● EXERCISE INSTRUCTIONS: Leave out the pictures and output exactly the lines below from the one with "近日,为深入实施创新驱动发展" down to the one with "SilberDream Charm Anhänger", both of them included.

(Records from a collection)
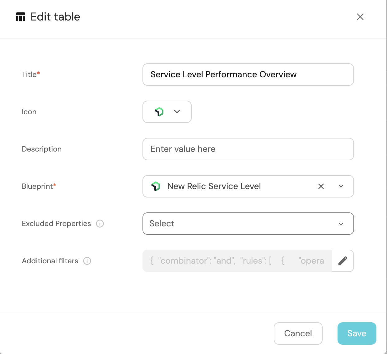 Choose the New Relic Service Level blueprint.
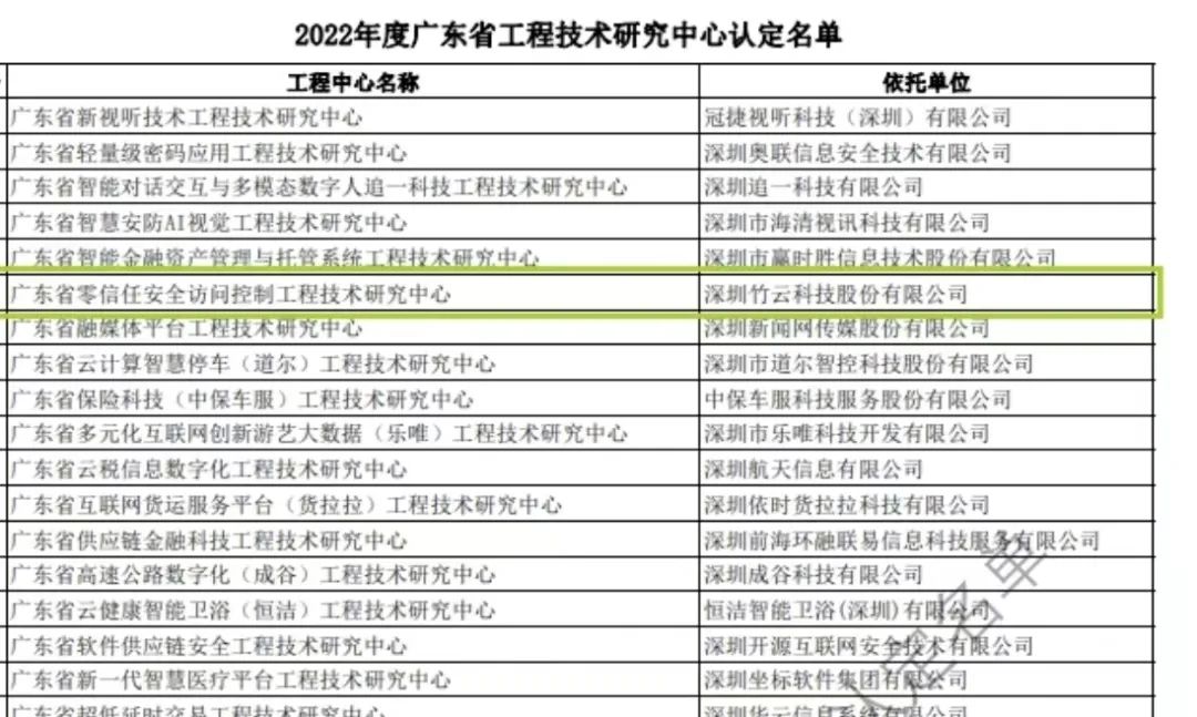 近日,为深入实施创新驱动发展战略,充分发挥广东省工程技术研究中心在产业技术研究开发、科技成果转化方面的作用,支撑广东省产业高质量发展,按照相关要求,经专家评审和网上公示,广东省科技厅正式公布2022年广东省工程技术研究中心认定名单,深圳竹云科技股份有限公司(简称“竹云”)筹建的“广东省零信任安全访问控制工程技术研究中心”通过认定,实力入选。
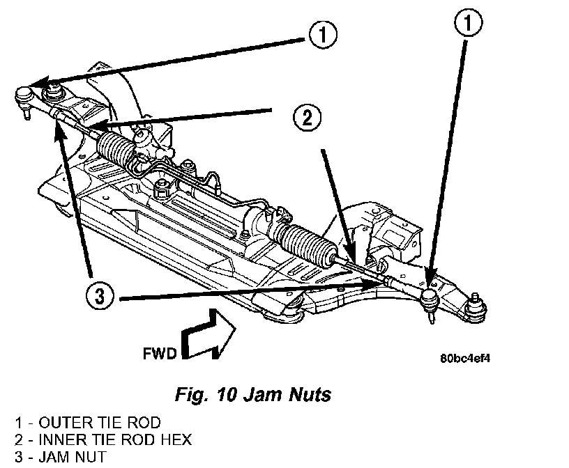 1. Loosen the tie rod adjusting jam nuts (Fig. 10). Grasp each inner tie rod at its hex and rotate it one way or the other until the front wheel toe is set to the preferred specification. Refer to WHEEL ALIGNMENT SPECIFICATIONS.
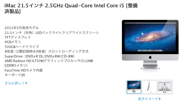 整備済製品 iMac 新しい iMac ですが、水曜日着って言ってたのに、今日届きましたwということで、早速新しいMacでブログを書いている訳ですが・・・。キーボード打ち辛いww↑今回購入したのは、こちらのiMacです。(※クリックで拡大)整備品なので、白い箱に入って届きました。整備品でも1年保証が付いてるのですが、保証書とかは入ってなかったですね。万が一修理に出す事になった場合は、代わりに購入した時のメールと領収書が必要みたいですね。そういえば会社で新品のiMacを買った時も、保証書付いてなかったから、最近は、紙で発行してないのかな??頑張ってセッティング。壁紙は気にしないでくださいwフリーのソフトや体験版ソフトとかインストールしましたが、今のところトラブルは無く順調です。(ほっまぁ、まだ一日目ですからね、わかりませんけど。外装的には、iMacの本体の上部にシルバーの塗装?が、剥げたような後が少しあったのと、キーボードに凄く小さいですが、傷がありましたが、普通に使う分には全然問題ないですね。ちなみにこれは、今まで使ってたeMacちゃんです。これが、これになった訳ですが、WEBサイトの表示がめちゃくちゃ早い!!www今までのイライラは何だったんだろう、ってくらい快適になりましたwということで、今まで表示されてた「ブラウザをアップグレードしろ」的な表示ともお別れだぜ!wそして我慢してた音楽もやっと聴けるし♪お金無くなってしまったけど(苦笑)その分、Macライフを楽しみたいと思います。 [0回]
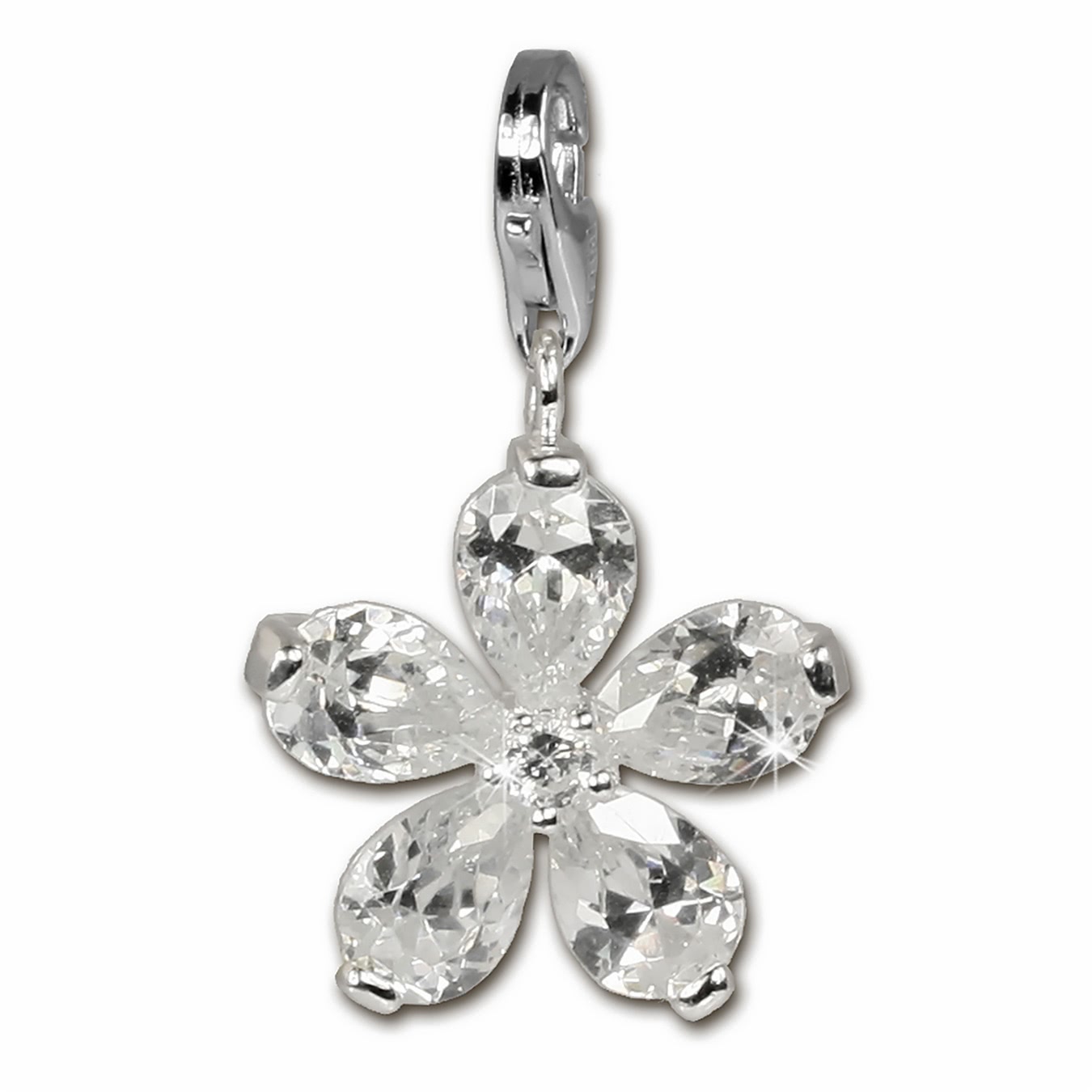 SilberDream Charm Anhänger 925er Echt Silber weiß Zirkonia Blume FC4117
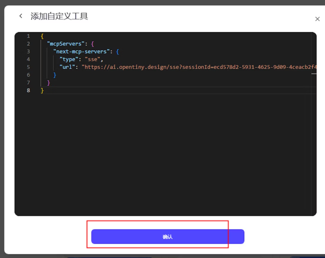 "url": "https://agent.opentiny.design/api/v1/webmcp-trial/mcp?sessionId=5f8edea7-e3ae-4852-a334-1bb6b3a1cfa9"

● RESULT FOR THIS EXERCISE:
 近日,为深入实施创新驱动发展战略,充分发挥广东省工程技术研究中心在产业技术研究开发、科技成果转化方面的作用,支撑广东省产业高质量发展,按照相关要求,经专家评审和网上公示,广东省科技厅正式公布2022年广东省工程技术研究中心认定名单,深圳竹云科技股份有限公司(简称“竹云”)筹建的“广东省零信任安全访问控制工程技术研究中心”通过认定,实力入选。
 1. Loosen the tie rod adjusting jam nuts (Fig. 10). Grasp each inner tie rod at its hex and rotate it one way or the other until the front wheel toe is set to the preferred specification. Refer to WHEEL ALIGNMENT SPECIFICATIONS.
 整備済製品 iMac 新しい iMac ですが、水曜日着って言ってたのに、今日届きましたwということで、早速新しいMacでブログを書いている訳ですが・・・。キーボード打ち辛いww↑今回購入したのは、こちらのiMacです。(※クリックで拡大)整備品なので、白い箱に入って届きました。整備品でも1年保証が付いてるのですが、保証書とかは入ってなかったですね。万が一修理に出す事になった場合は、代わりに購入した時のメールと領収書が必要みたいですね。そういえば会社で新品のiMacを買った時も、保証書付いてなかったから、最近は、紙で発行してないのかな??頑張ってセッティング。壁紙は気にしないでくださいwフリーのソフトや体験版ソフトとかインストールしましたが、今のところトラブルは無く順調です。(ほっまぁ、まだ一日目ですからね、わかりませんけど。外装的には、iMacの本体の上部にシルバーの塗装?が、剥げたような後が少しあったのと、キーボードに凄く小さいですが、傷がありましたが、普通に使う分には全然問題ないですね。ちなみにこれは、今まで使ってたeMacちゃんです。これが、これになった訳ですが、WEBサイトの表示がめちゃくちゃ早い!!www今までのイライラは何だったんだろう、ってくらい快適になりましたwということで、今まで表示されてた「ブラウザをアップグレードしろ」的な表示ともお別れだぜ!wそして我慢してた音楽もやっと聴けるし♪お金無くなってしまったけど(苦笑)その分、Macライフを楽しみたいと思います。 [0回]
 SilberDream Charm Anhänger 925er Echt Silber weiß Zirkonia Blume FC4117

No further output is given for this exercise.